‘They Kept Us Alive for Thousands of Years’: Could Saving Palestinian Seeds Also Save the World?

Vivien Sansour, founder of the Palestine Heirloom Seed Library, believes biodiversity could help feed an entire planet in crisis

March 29, 2024 | Source: The Guardian | by Whitney Bauck

The first year that the Hudson Valley Seed Company tried growing yakteen at their farm in upstate New York, the heirloom variety of Palestinian gourd quickly spread until its vines were sending their tendrils across a full acre of land.

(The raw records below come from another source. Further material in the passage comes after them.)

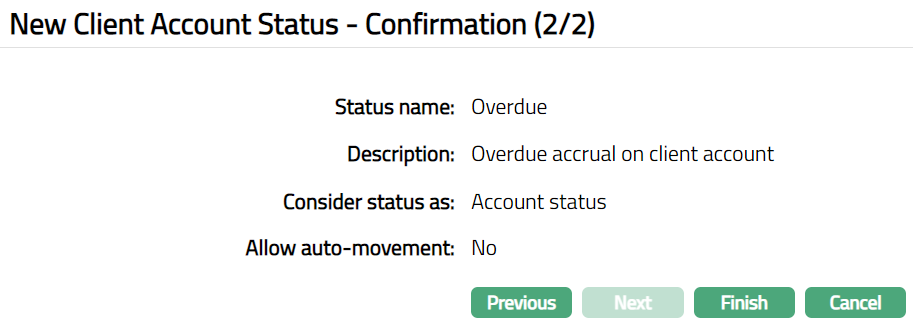 - Click Finish. Client Account Status page appears displaying the details of the Status you added. Status of the record will be Active.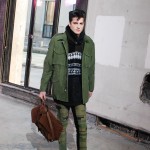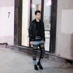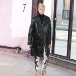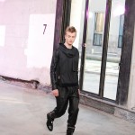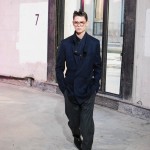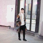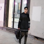 Ouvrant le defile sur des looks noir en nubuck a formes géométriques, c’est tout l’esprit de ces motards d’un genre particulier que l’on retrouve chez 3.1 Phillip Lim. Des teintes sombres telles que le noir et le gris accompagnent ces looks de rockers non sans une pointe d’intelligence qui est la signature des vêtements 3.1 Phillip Lim. On a ainsi l’occasion de voir des vestes ou le cuir est travaillé de façon a rappeler le tricot des pulls, ce qui nuance l’aspect quelque peu brut des inspirations et l’adoucit sans lui faire perdre, pour autant, son cachet originel.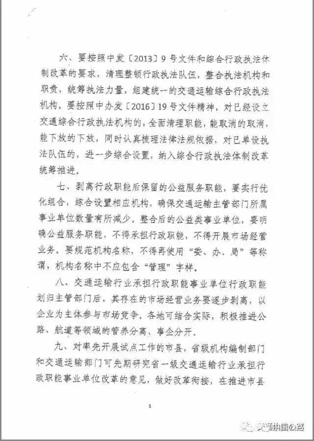 三、交通运输行业所有承担行政职能的事业单位都要纳入改革实施范围。要将事业单位承担的路政管理、道路运输管理、港航海事管理等职能中有关行政许可、行政裁决等行政职权,划归交通运输主管部门。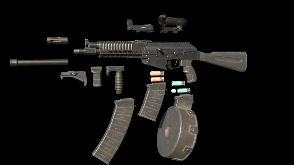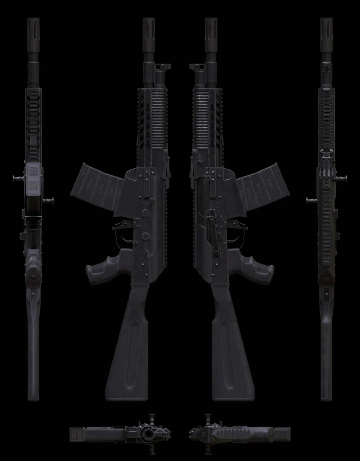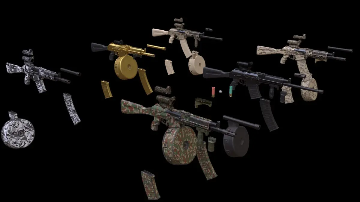 Blender (Default):Base_Color; Height; Metallic; Mixed_AO; Normal_Open_GL; Roughness. (BearClaw sight and Box Scope also contain Opacity and Emissive maps)

Born of a partnership with the artist, researcher and conservationist Vivien Sansour, that pilot plot was just one of many pieces of evidence supporting Sansour’s thesis: that saving Palestinian heirloom seeds could benefit not just Palestinians, but could help feed an entire planet in crisis.

Sansour is the founder of the Palestine Heirloom Seed Library, a project that began in 2016 to conserve Palestinian heritage and culture by saving heirloom seed varieties and telling the stories and history from which they emerged.

The project feels particularly urgent against the backdrop of Israel’s continuing bombing of Gaza, the “man-made” famine that aid groups warn is imminent there and the knowledge that last year was the hottest ever recorded.